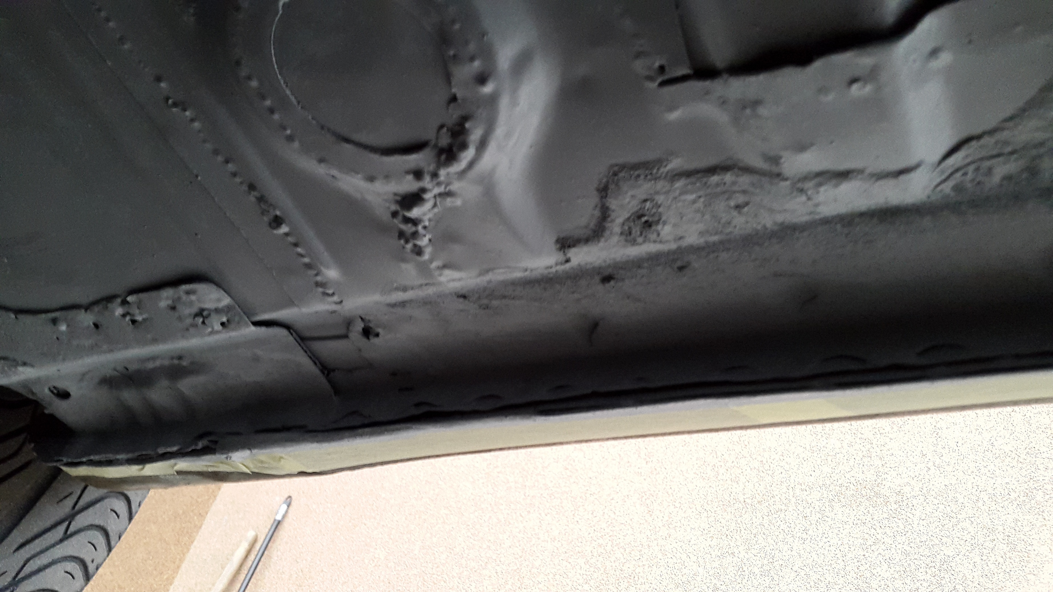 Zaległe fotki z prac nad karoserią. Oczyszczone ile się dało, pomalowane coratinem i na to epoksyd. następnie pójdzie na to pasta na zgrzewy/spawy i później konserwacja. Tył niestety jeszcze posiada kilka dziurek którymi muszę się zająć, ale wszystko to kwestia czasu
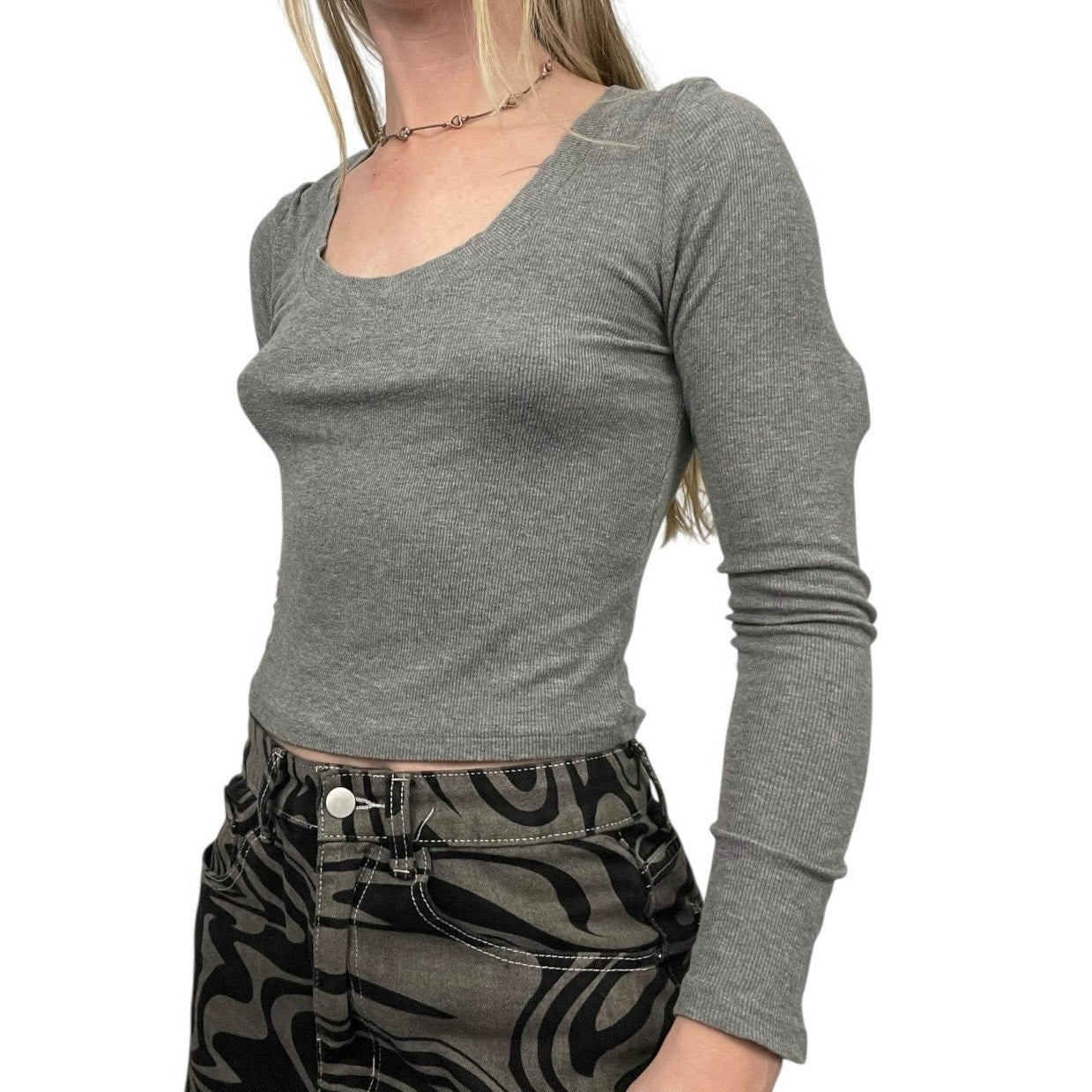 The perfect soft grey long sleeve ribbed slightly cropped top
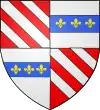 Coupé et parti en 3, au premier fascé de gueules et d'argent, au second d'azur semé de lys d'or et au lambel de gueules, au troisième d'argent à la croix potencée d'or, cantonnée de quatre croisettes du même, au quatrième d'or aux quatre pals de gueules au cinquième parti d'azur semé de lys d'or et à la bourdure de gueules, au sixième d'azur au lion contourné d'or, armé, lampassé et couronné de gueules, au septième d'or au lion de sable armé et lampassé de gueules, au huitième d'azur semé de croisettes d'or et aux deux bar d'or. Sur le tout d'or à la bande de gueules chargé de trois alérions d'argent le tout brisé d'un lambel d'azur[21]. |

────────────────────────────────────────

* [WORK ITEM] The lines from the one that contains "The perfect soft" through the end of the data, repeated exactly and with no pictures, make up the whole answer.

* [EXERCISE RESULT]
 The perfect soft grey long sleeve ribbed slightly cropped top
 Coupé et parti en 3, au premier fascé de gueules et d'argent, au second d'azur semé de lys d'or et au lambel de gueules, au troisième d'argent à la croix potencée d'or, cantonnée de quatre croisettes du même, au quatrième d'or aux quatre pals de gueules au cinquième parti d'azur semé de lys d'or et à la bourdure de gueules, au sixième d'azur au lion contourné d'or, armé, lampassé et couronné de gueules, au septième d'or au lion de sable armé et lampassé de gueules, au huitième d'azur semé de croisettes d'or et aux deux bar d'or. Sur le tout d'or à la bande de gueules chargé de trois alérions d'argent le tout brisé d'un lambel d'azur[21]. |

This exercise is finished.